§ TRY IT
From the line containing "الشرطة تعالين مسرح الجريمة" to the end of the data, retype every line exactly and nothing else. Drop the pictures.

Collected data
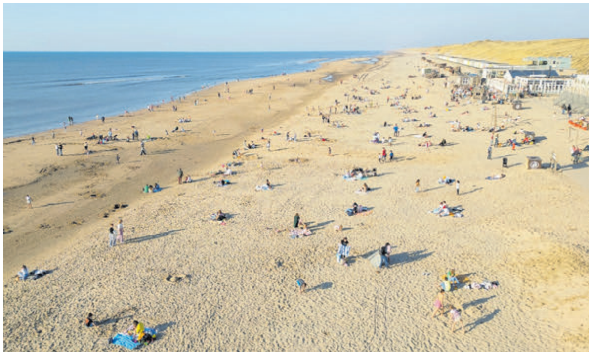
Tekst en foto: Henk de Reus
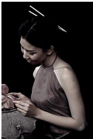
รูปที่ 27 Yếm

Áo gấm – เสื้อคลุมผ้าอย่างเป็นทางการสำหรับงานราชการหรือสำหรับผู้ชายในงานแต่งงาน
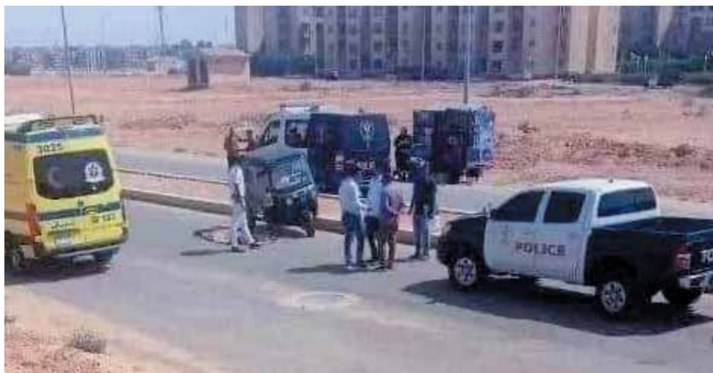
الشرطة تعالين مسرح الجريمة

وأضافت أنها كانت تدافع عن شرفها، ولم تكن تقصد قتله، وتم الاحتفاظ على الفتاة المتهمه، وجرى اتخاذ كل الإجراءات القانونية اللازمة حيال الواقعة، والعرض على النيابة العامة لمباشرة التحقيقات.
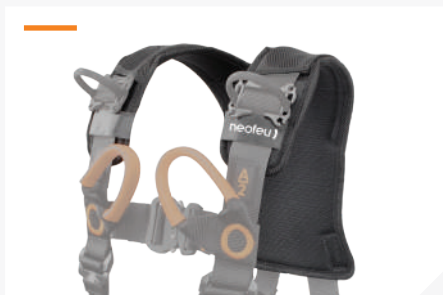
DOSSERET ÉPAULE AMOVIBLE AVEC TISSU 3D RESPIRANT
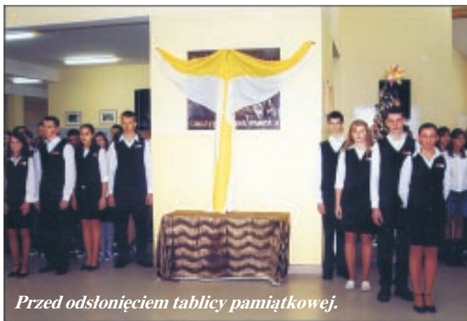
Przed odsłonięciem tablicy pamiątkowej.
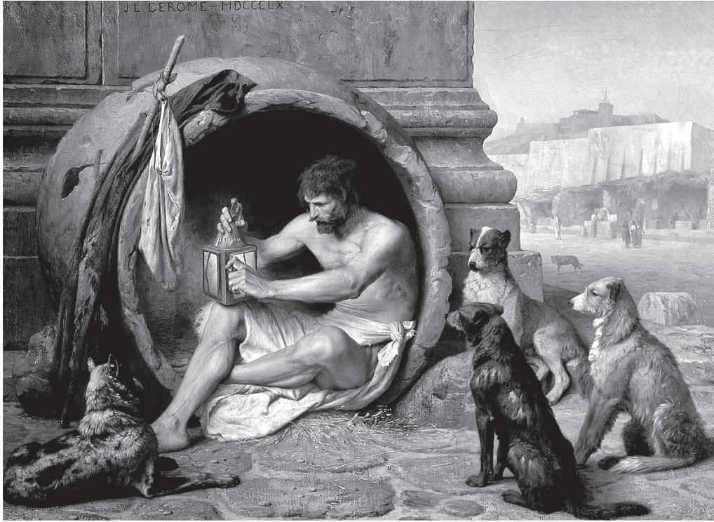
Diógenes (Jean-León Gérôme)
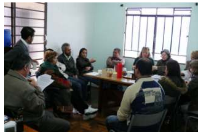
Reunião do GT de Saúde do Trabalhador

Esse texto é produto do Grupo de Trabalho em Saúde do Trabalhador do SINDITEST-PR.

§ TASK SOLUTION
الشرطة تعالين مسرح الجريمة

وأضافت أنها كانت تدافع عن شرفها، ولم تكن تقصد قتله، وتم الاحتفاظ على الفتاة المتهمه، وجرى اتخاذ كل الإجراءات القانونية اللازمة حيال الواقعة، والعرض على النيابة العامة لمباشرة التحقيقات.
DOSSERET ÉPAULE AMOVIBLE AVEC TISSU 3D RESPIRANT
Przed odsłonięciem tablicy pamiątkowej.
Diógenes (Jean-León Gérôme)
Reunião do GT de Saúde do Trabalhador

Esse texto é produto do Grupo de Trabalho em Saúde do Trabalhador do SINDITEST-PR.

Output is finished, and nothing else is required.